Where the Buffalo Roam

Prairie land around the world is fast disappearing, but demand for the meat products of large ruminants keeps growing. The vast grasslands where American cowboys, Mongolian nomads and Argentinian Gauchos alike tended large herds of cattle are being taken over by industrialized agriculture, hydroelectric dams, mines, urban sprawl and creeping desertification.

Many have raised the battle cry for a shift to a plant based diet, eschewing the meat industry largely because its clear links to environmental destruction, unethical treatment of animals and greenhouse gas emissions. But the proposed alternative of relying on grains and legumes almost exclusively also creates destructive pressures on landscapes and communities, and is likely not the solution that many might idealize it to be.
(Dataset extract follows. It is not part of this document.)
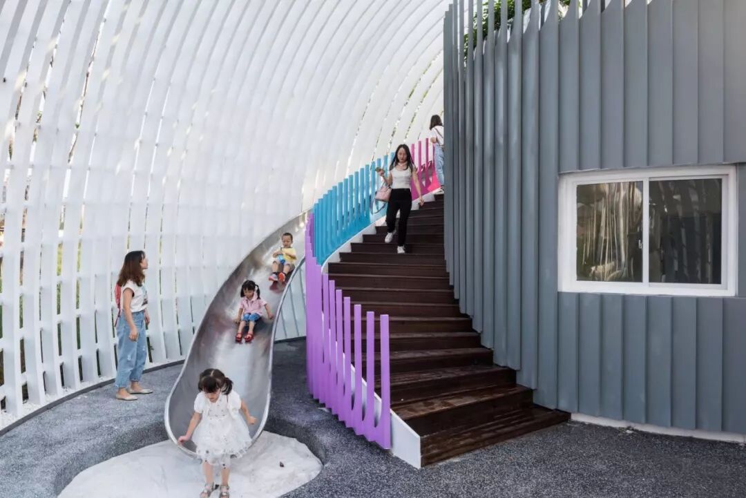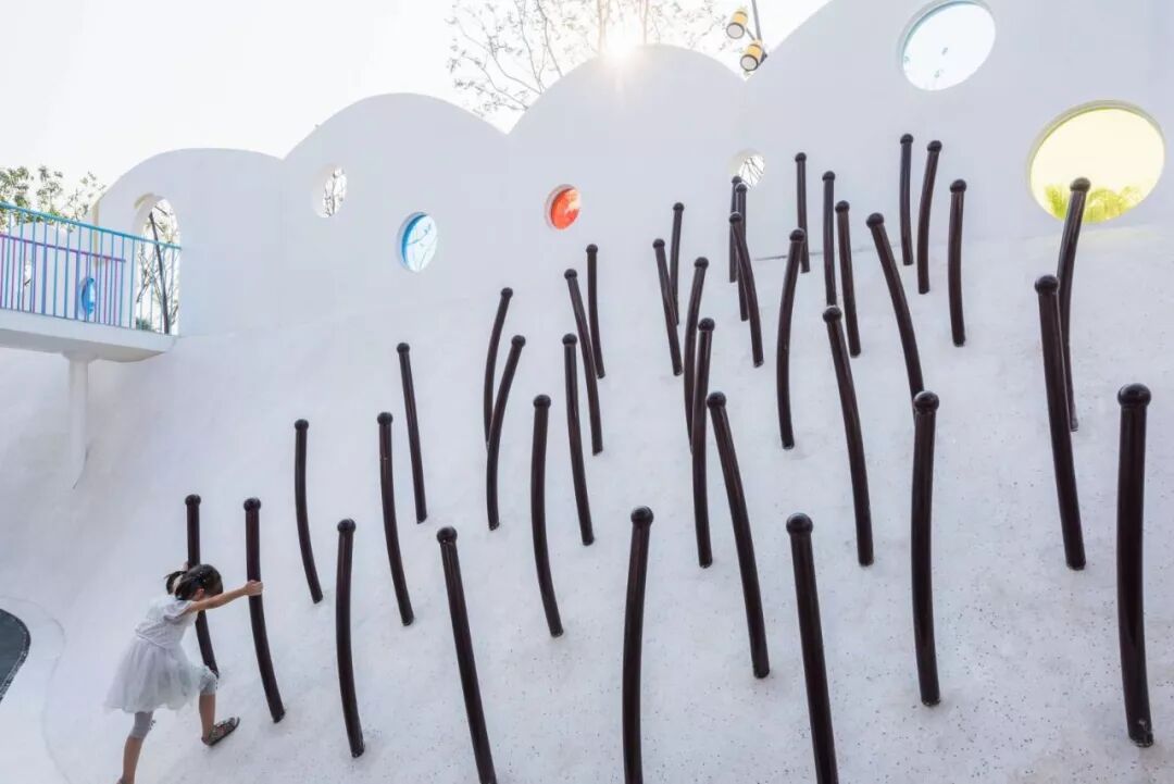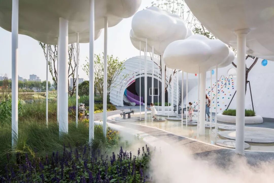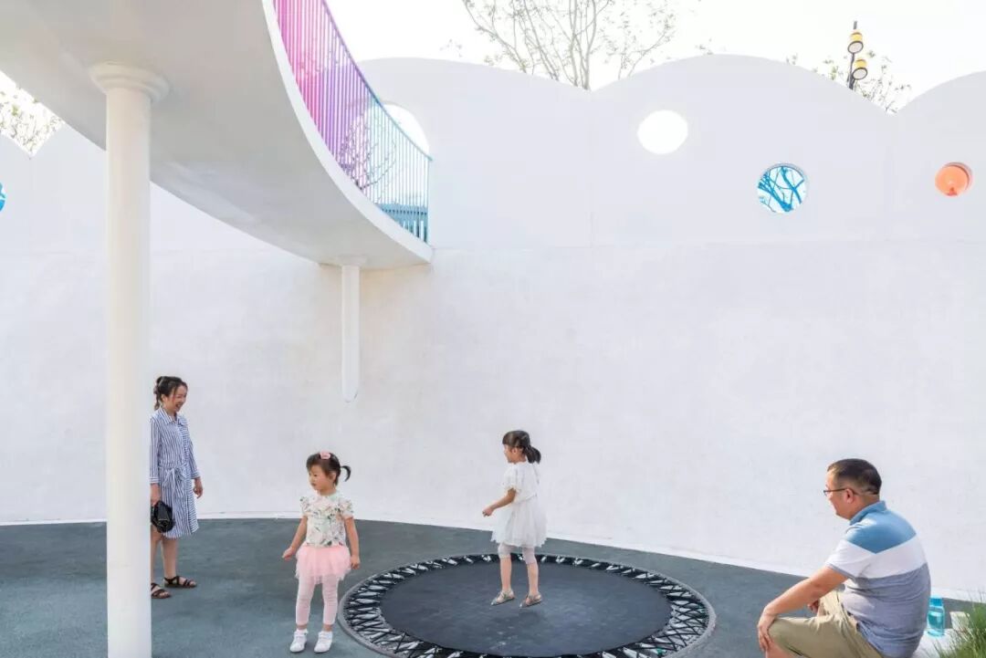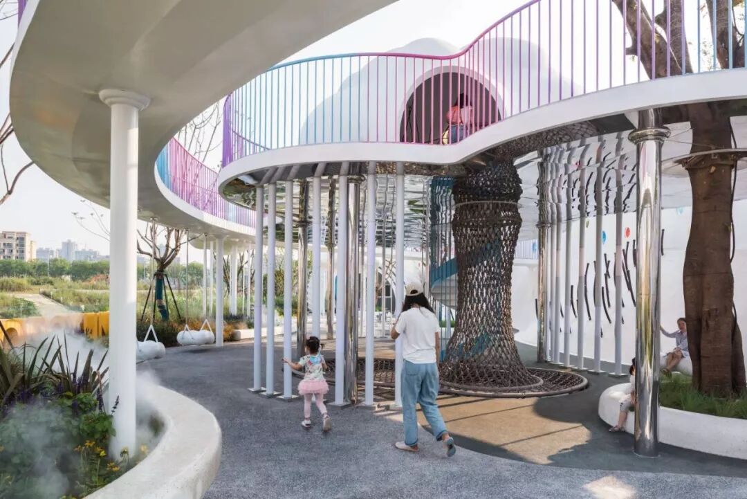 考虑到贯穿云朵主题,结合攀爬树屋,我们打造了具有场地特色的云朵树屋,大人与孩子们可以通过楼梯及攀爬网,到达二层树屋, 增加场地趣味性及探险性。

Among the problems created by planting enormous fields of annual crops is quickly degrading soil fertility leading to further desertification. In the United States alone, millions of hectares of native prairie have been destroyed to make way for vast plantations of corn, soy and sorghum which all rely on on intensive chemical fertilizer and pesticide use, turning the iconic prairie paradise into what is essentially a nutrient strip mine. While it is true that a large portion of these grains go to animal feedlots, which are major contributors to greenhouse emissions, groundwater contamination and environmental destruction, the mass production of “meat alternative” grains and legumes is no different.

The world cannot be fed sustainably through concentrated animal feedlot operations, but it is also questionable whether 8 or 10 billion people can rely on mass industrial farm production without devastating what forest and prairie ecosystems we have left.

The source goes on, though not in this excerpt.